In seismic exploration, seismic data is acquired along lines that consist of geophone arrays onshore or hydrophone streamer traverses offshore. Geophones and hydrophones act as sensors to receive energy that is transmitted into the ground and reflected back to the surface from subsurface rock interfaces. Energy is usually provided onshore by Vibroseis.RTM. vehicles which transmit pulses by shaking the ground at pre-determined intervals and frequencies on the surface. Offshore, airgun sources are usually used. Subtle changes in the energy returned to surface often reflect variations in the stratigraphic, structural and fluid contents of the reservoirs.
In performing three-dimensional (3-D) seismic exploration, the principle is similar, however, lines and arrays are more closely spaced to provide more detailed sub-surface coverage. With this high density coverage, extremely large volumes of digital data need to be recorded, stored and processed before final interpretation can be made. Processing requires extensive computer resources and complex software to enhance the signal received from the subsurface and to mute accompanying noise which masks the signal.
Once the data is processed, geophysical staff compile and interpret the 3-D seismic information in the form of a 3-D data cube (See FIG. 1) which effectively represents a display of subsurface features. Using this data cube, information can be displayed in various forms. Horizontal time slice maps can be made at selected depths (See FIG. 2). Using a computer workstation an interpreter can also slice through the field to investigate reservoir issues at different seismic horizons. Vertical slices or sections can also be made in any direction using seismic or well data. Time maps can be converted to depth to provide a structural interpretation at a specific level.
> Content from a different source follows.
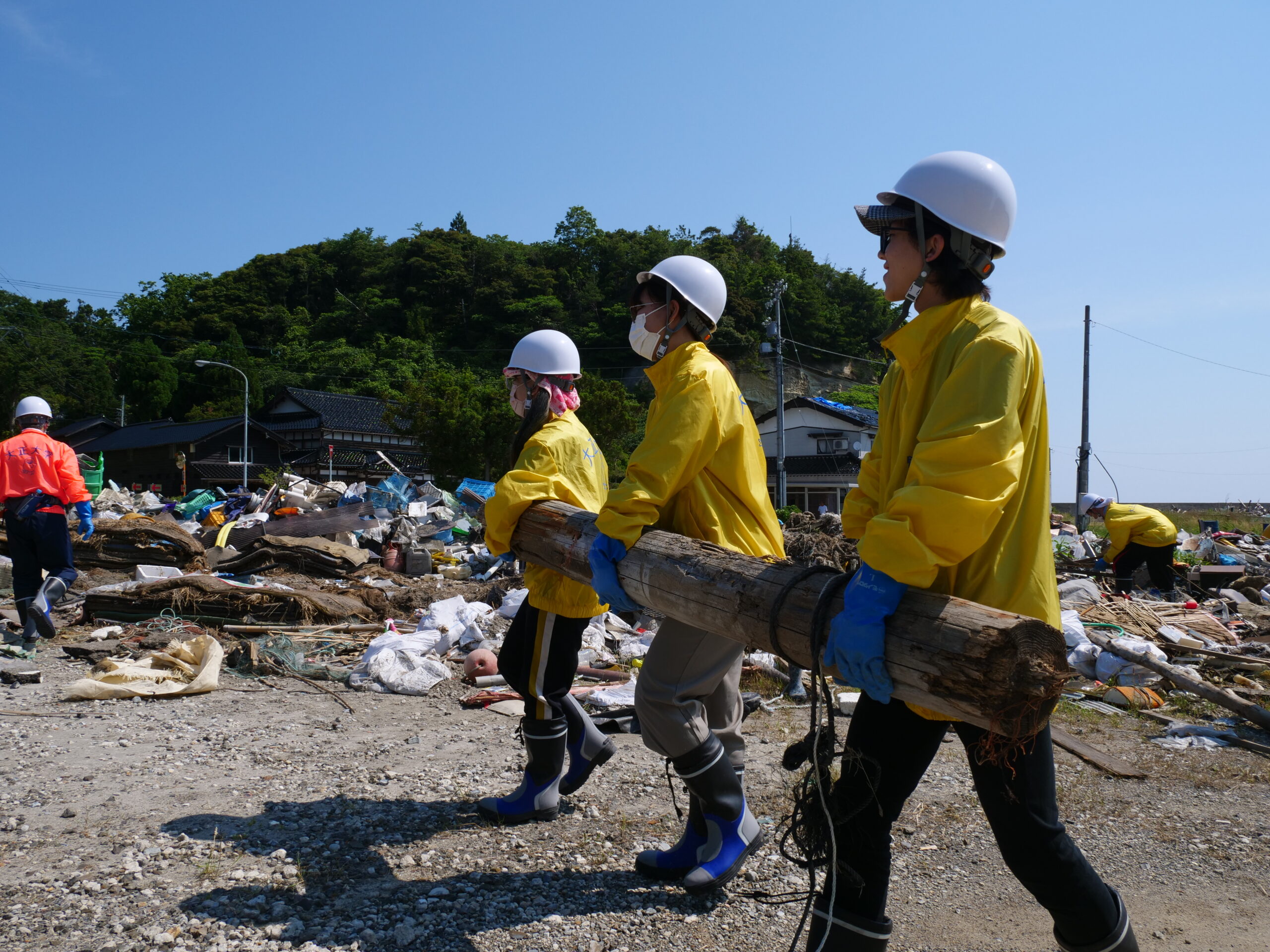 今回の活動では、海岸に山積みになった瓦礫を分別する班と、家屋から家財を搬出する班に分かれて作業を行いました。

Seismic data has been traditionally acquired and processed for the purpose of imaging seismic reflections. However, changes in stratigraphy are often difficult to detect on traditional seismic displays due to the limited amount of information that stratigraphic features present in a cross-section view. Although such views provide an opportunity to see a much larger portion of these features, it is difficult to identify fault surfaces within a 3-D volume where no fault reflections have been recorded.
Coherence and semblence (a measure of multichannel coherence) are two measures of seismic trace similarity or dissimilarity. As two seismic traces increase in coherence, the more they are alike. Assigning a coherence measure on a scale from zero to one, "0" indicates the greatest lack of similarity, while a value of "1" indicates total or complete similarity (i.e., two identical traces). Coherence for more than two traces may be defined in a similar way.
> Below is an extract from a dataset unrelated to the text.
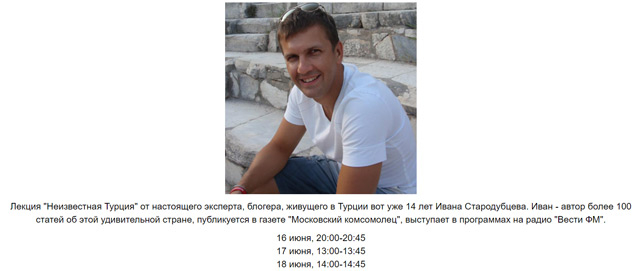 Ну, а я там буду на протяжении трех дней выступать в качестве "лектора" с докладами на тему Неизвестная Турция.

One method for computing coherence was disclosed in a U.S. patent application (now U.S. Pat. No. 5,563,949) by Bahorich and Farmer (assigned to Amoco Corporation) having a Ser. No. of 08/353,934 and a filing date of Dec. 12, 1994. A method for computing semblance was disclosed in a U.S. patent application by Marfurt et. al. (assigned to Amoco Corporation) having an application Ser. No. of 60/005,032 and a filing date of Oct. 6, 1995. The Marfurt et al. invention included a brute force search over candidate dips and azimuths.
As good as both methods have proved to be, they have some limitations. Improved resolution and computational speed are always desirable.